Try not to think of cats when planting your catnip herb plant. In the mint family, catnip for a long time has been a great drinking tea. It's said to aid in the common cold and has a mild taste so can become a favorite in no time. Yes, the household cat (feline) like to nip at the leaves, but it won't hurt them. A nice purple flower grows on these plants and they need lots of growing space.

Dill

(Anethum graveolens)

Want a great flavor to your fish, salad oils or salads? Add Dill. Pickling and so many other choices the dill can be added to. Very easy to grow and the dark leaves are the dill weed. The flower heads are so attractive and give a flair to your herb garden.

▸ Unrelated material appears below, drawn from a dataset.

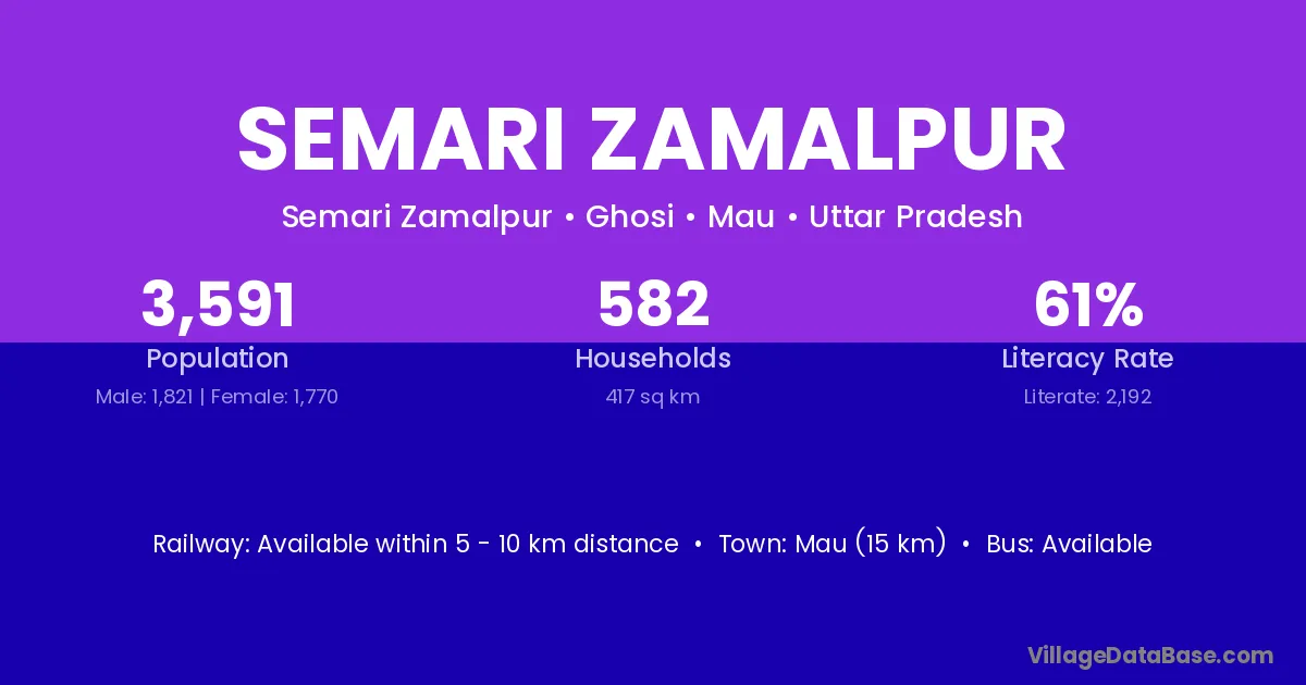 Mau (15 km) is the nearest town to Semari Zamalpur village for major economic activities and is located approximately 15 km away.
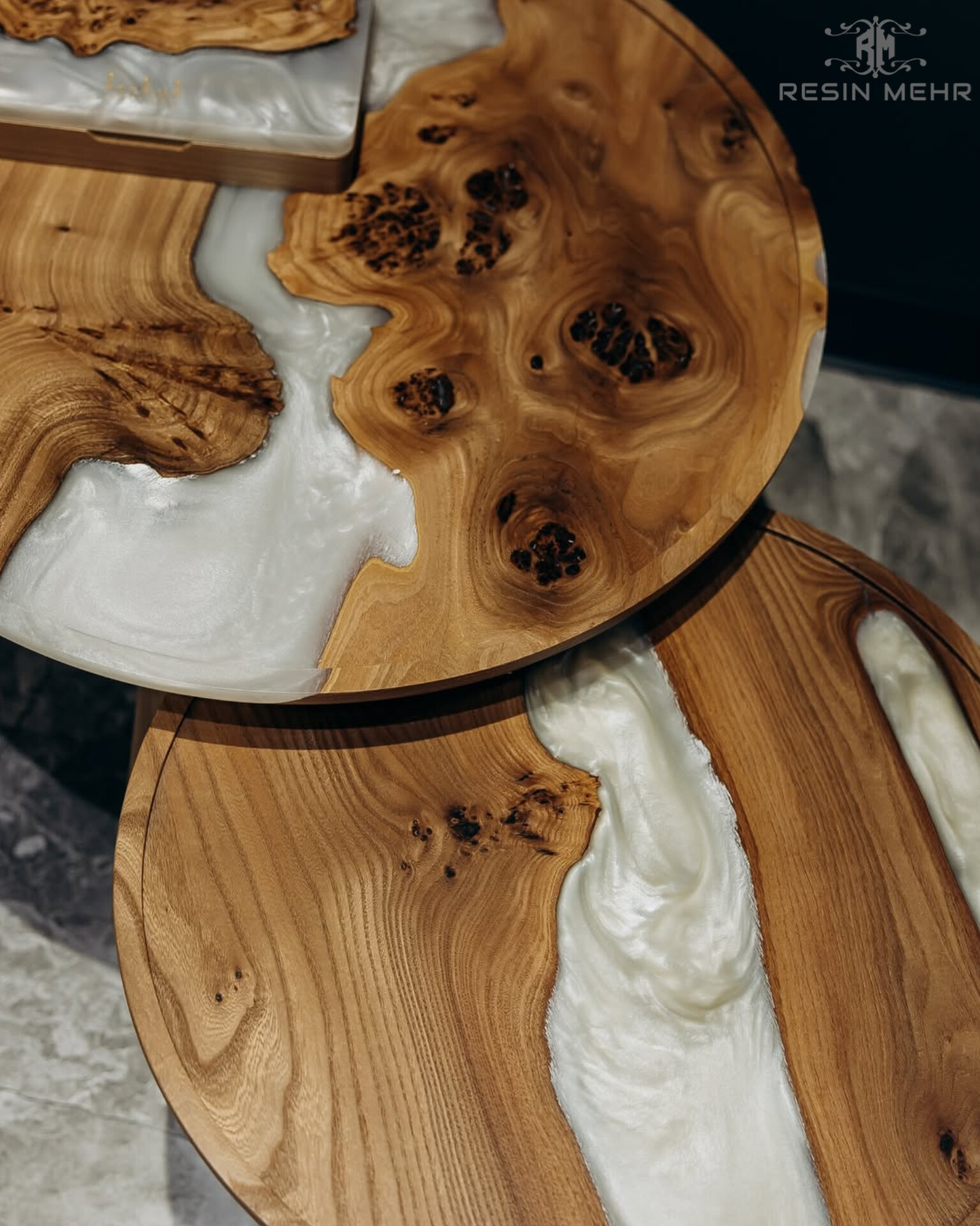 جلومبلی-عسلی رزینی ترکیب چوب جوش گردو با رزین اپوکسی به رنگ سفید صدفی با پوشش نهایی پلی اورتاننیمه مات و پایه چوبی با چوب گردو. قطر میز ۷۰سانت و ارتفاع ۴۵ سانت می باشد. ضخامت میز ۳.۵ سانت می باشد که یک پله نیمسانتی داخل میز سی انسی شده و کار رو بسیار جذاب تر کرده که به شکل سفارشی نیزقابل تولید است

Growing your own Herb Garden:

Make this year your time to start planting some herbs. Start with just a few of your favorites that you know you will use. A good beginner variety is, Parsley, dill, oregano, chives, basil, mint and thyme. You add as you go. Start your first herb garden with starter plants that are about 4 - 5 inches tall. You want to start off with having a herb garden that you are ready to admire and begin enjoying as soon as the plants mature just enough to have clippings and not kill the plant off. Any place you want to grow your herbs will be just fine, whether they are in containers resting on your kitchen window shelf or a small outside area you have set aside just for herbs. You decide, as you will be the one caring for these mighty plants. By early summer, you won't believe how big and wonderful your starter plants have grown. In choosing your favorite herbs, remember they are not just to look nice, they are to enjoy in flavorful foods. Many of the selections mentioned are for, meats, sauces, soups and garden salads. Fresh mint is great for teas and ice cream. You will be clipping off dill all through the summer months to add a nice addition to your patio served garden salads. Herbs have so many other additional areas of use, but for the beginner, just start off thinking you are growing these fragrant plants for food flavoring and then advance to other areas of use, in adding them for medicinal uses.Herb gardens are a great gift to give to friends and family. Everyone should try their hands at growing a few simple herbs at some time during the spring and summer months. Take the Time to add herbs to any flower or vegetable garden area and watch a wonderful display of activity begin.